There's a special tool for this exact thing. It's called Wizardby:

...database continuous integration & schema migration framework

Wizardby Workflow

Anton Gogolev
Looks interesting, must download for some more perusal - this is an alpha release however, so not sure how it would go down in here.
Paddy
A: 

I am not very familiar with RedGate toolkit, but if it is any similar to dbGhost, there must be a utility that allows you to script the database objects to the files one per object. In this case I would suggest following:

  • add a daily (or part of a build) job to reverse-engineer the DEV database into the directory structure
  • then compare it to what you have in repository (by means of simple diff), and basically FAIL the build job and report the diff if any.
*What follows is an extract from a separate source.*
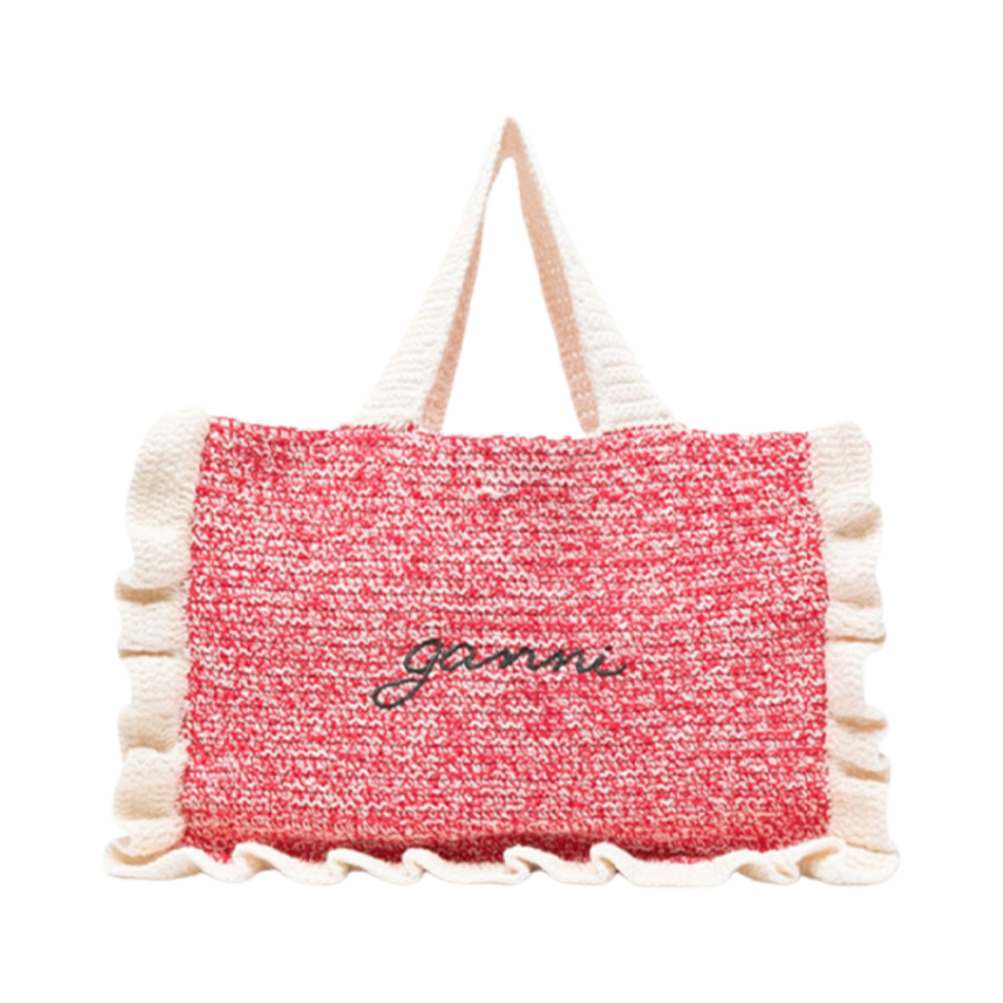 가니 크로쉐 프릴 토트 솔리드 백 쇼킹 핑크

This will indicate that the structure of the DEV database has changed and is not reflected in the source control,
  • which will indicate to the developer to add the changes to the source control (even use the reported .diff file for this)

If you many DEV databases (one per user or development branch) and it is too cumbersome, then probably a better combination would be to do such task on the STAGE (TEST just before release) version of the database, at which point you would store the PROD schema in the repository and would update it from the STAGE only during the pre-release testing phase, where you will ensure that your schema changes are also in the repository.
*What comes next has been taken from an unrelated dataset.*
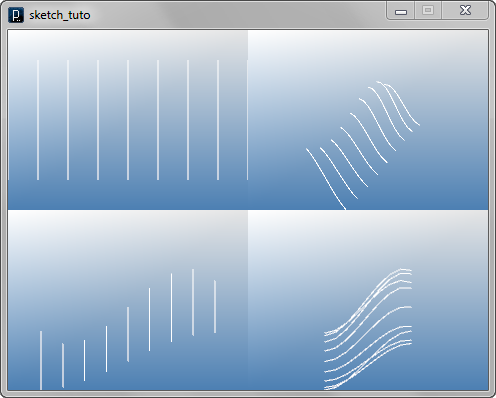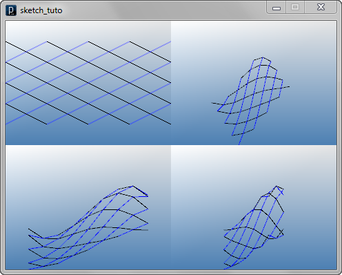 import processing.opengl.*; import igeo.*; size( 480, 360, IG.GL ); //IG.open("surface1.3dm"); //input geometry from 3dm file IG.open("surface1.obj"); ///input geometry from OBJ file ISurface[] surfs = IG.surfaces(); for( ISurface surf : surfs ){ int unum = 8, vnum = 8; double uinc = 1.0/unum, vinc = 1.0/vnum; for(int i=0; i < unum; i++){ for(int j=0; j < vnum; j++){ IVec pt1 = surf.pt(i*uinc, (j+1)*vinc); IVec pt2 = surf.pt((i+1)*uinc, j*vinc); new ICurve(pt1, pt2).clr(0,0,1.); } } surf.del(); }

This way developers can still work in the usual way: change the schema on the DEV database first, and hopefully you get the balance between the flexibility and one truth you would like.

In my team we add change to VCS as soon as we change the DEV database, but we still do have such task to compare the schema between different databases (DEV, STAGE and PROD). Basically, we follow what I once answered in How should you build your database from source control?.

van
A: 

Assuming that you use the .net framework, have a look at the Fluent Migrator and also the Hearding Code Podcast that talks about the project.
The main aim as I see it is to easily code the migrations as you do your normal coding using a fluent interface using a database agnostic approach.

It is built on top of the .net framework. and works with a number of database formats including SQL Server, SqlLite and MySQL.

The advantage of the this approach is that it lives with the rest of your code and can therefore be managed by SCM

Example:

   [Migration(1)]   
   public class CreateProjectsTable : Migration   
   {   
       public void Up()   
       {   
          Create.Table("Projects")              
            .WithIdColumn()             
            .WithColumn("Name").AsString().NotNullable()                
            .WithColumn("Position").AsInt32().NotNullable()             
            .WithColumn("Done").AsBoolean().NotNullable();
       }  
       public void Down()  
       {  
           Database.RemoveTable("Projects");  
       }  
   }
Nathan Fisher
A: 

At work we make heavy use of a powerful tool which comes as part of ActiveRecord (which is the default ORM that comes with the Rails web framework called Migrations.

A basic migration would look like the following:

class AddSystems < ActiveRecord::Migration
  def self.up
    create_table :systems do |t|
      t.string  :name
      t.string  :label
      t.text    :value
      t.string  :type
      t.integer :position, :default => 1
      t.timestamps
    end
  end

  def self.down
    drop_table :systems
  end
end

There is a Migration created for every database change, and they are created in sequential order by timestamp. You can run pre-defined methods to run these migrations in the proper order so your database can always be created and/or rolled back. Some of the functions are below:

rake db:migrate #run all outstanding migrations
rake db:rollback #roll back the last run migration
rake db:seed #fill the database with your seed data

Migrations have methods for creating tables, dropping tables, updating tables, adding indexes, etc. The full suite. The migrations also automatically add an id column, and the t.timestamps section automatically generates a "created_at" field and an "updated_at" field.

Most languages have ORM facilities such as these, and they allow the database to be maintained in a code-like state, which is easy for developers to understand, as well as being simple enough for DBA's to use and maintain.

Mike Trpcic